Take the line containing "Tout autour de" and each line after it through the end of the data below, and return them exactly, minus any pictures.

• _Records provided_

- - - - - - -

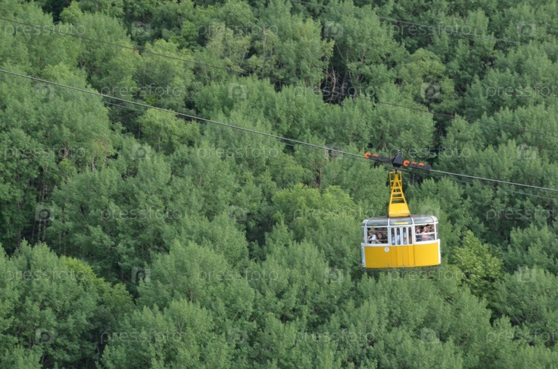 Желтый вагончик фуникулера пассажирской маятниковой безопорной канатной дороги в Курортном парке Кисловодска в летний день
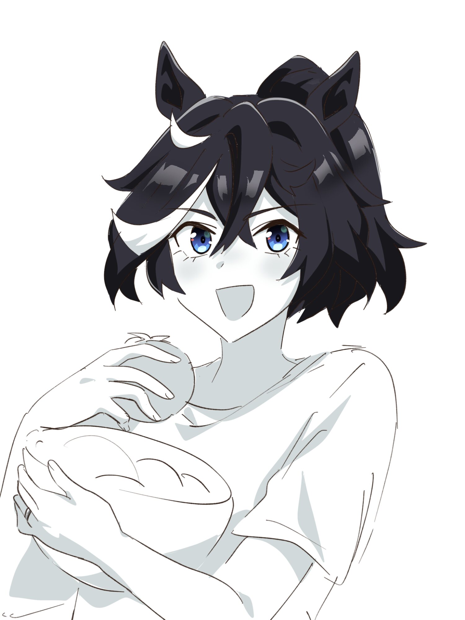 驚いているエースにそう言ったら、耳を前に垂らしながら彼女ははにかんだ。
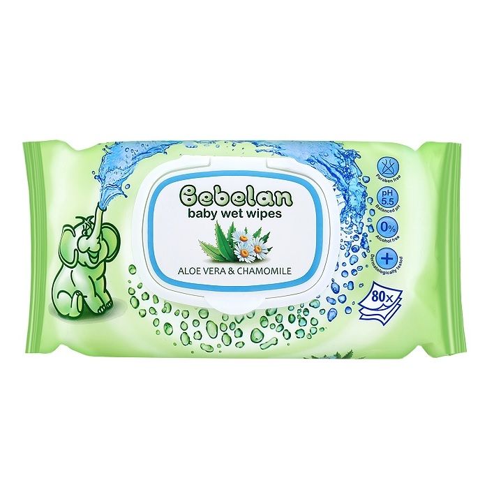 Бебелан влажни кърпи от нетъкан текстил, напоени с екстракт от алое и лайка. Почистват и освежават, като предпазват от възпаления деликатната кожа на бебето. Практични за употреба, с пластмасов капак за оптимално съхранение, подходящи при смяна на пелени и отстраняване на замърсявания. С 5.5 pH, без аклкохол. Предлагат се в опаковка от 80 броя.
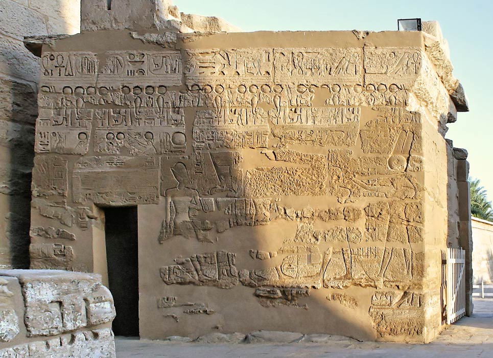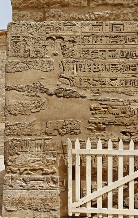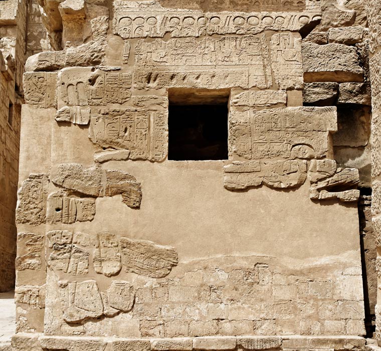 Tout autour de la fenêtre, sont inscrites les titres de Ramsès III.
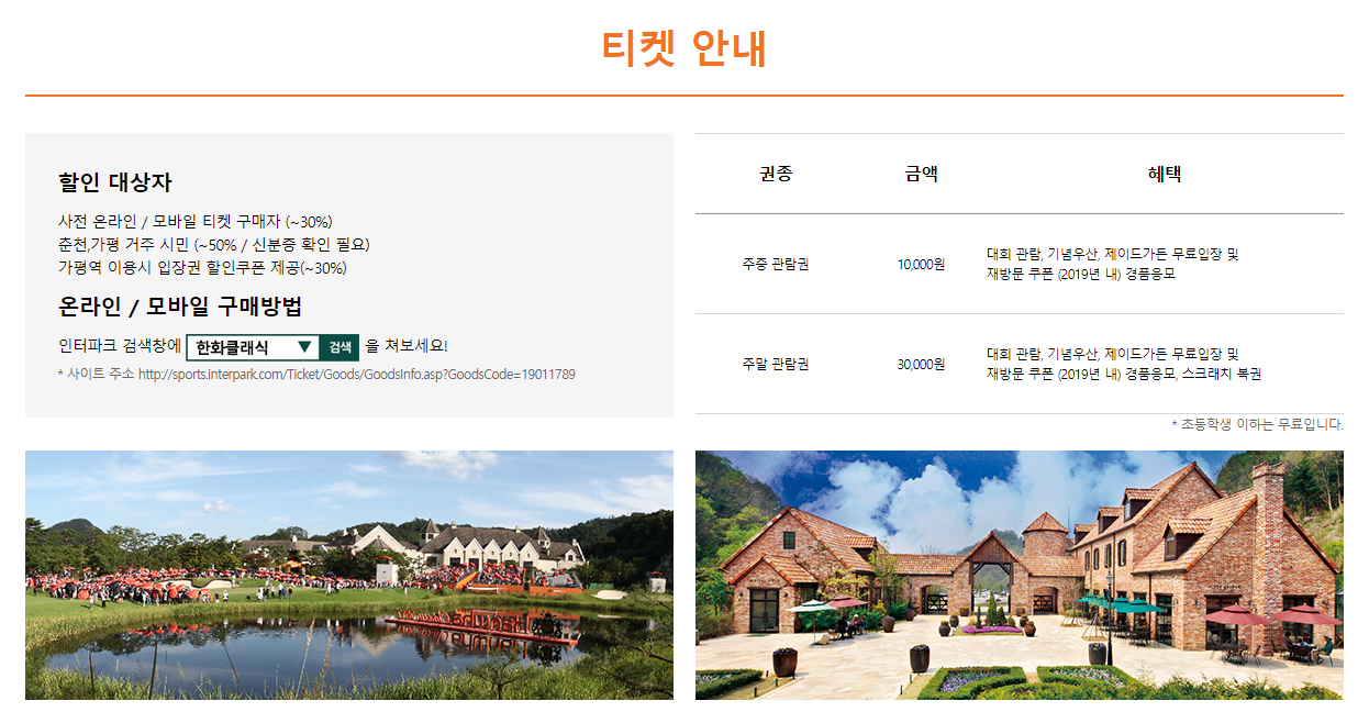 ํํ ํด๋์ ๊ณจํ 2019์ ์ฐธ์ฌํ๊ณ ์ถ์ผ์๋ค๋ฉด ํ์ฅ์์ ํ๊ธ์ด๋ ์นด๋๋ก ํฐ์ผ์ ๊ตฌ๋งคํ์ค ์๋ ์์ง๋ง, ์ธํฐํํฌ์์ ์จ๋ผ์ธ ๊ตฌ๋งค๋ ํ์ค ์ ์์ผ๋ ๋ฏธ๋ฆฌ ์ฌ์ ์๊ฒ ์๋งคํด๋์๋ฉด ์ข๊ฒ ์ฃ ~^^
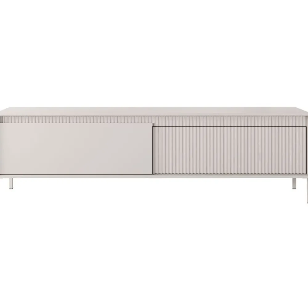 Nowoczesna beżowa szafka RTV z minimalistycznym designem i wysoką jakością wykonania

- - - - - - -

• _Result of this exercise_
 Tout autour de la fenêtre, sont inscrites les titres de Ramsès III.
 ํํ ํด๋์ ๊ณจํ 2019์ ์ฐธ์ฌํ๊ณ ์ถ์ผ์๋ค๋ฉด ํ์ฅ์์ ํ๊ธ์ด๋ ์นด๋๋ก ํฐ์ผ์ ๊ตฌ๋งคํ์ค ์๋ ์์ง๋ง, ์ธํฐํํฌ์์ ์จ๋ผ์ธ ๊ตฌ๋งค๋ ํ์ค ์ ์์ผ๋ ๋ฏธ๋ฆฌ ์ฌ์ ์๊ฒ ์๋งคํด๋์๋ฉด ์ข๊ฒ ์ฃ ~^^
 Nowoczesna beżowa szafka RTV z minimalistycznym designem i wysoką jakością wykonania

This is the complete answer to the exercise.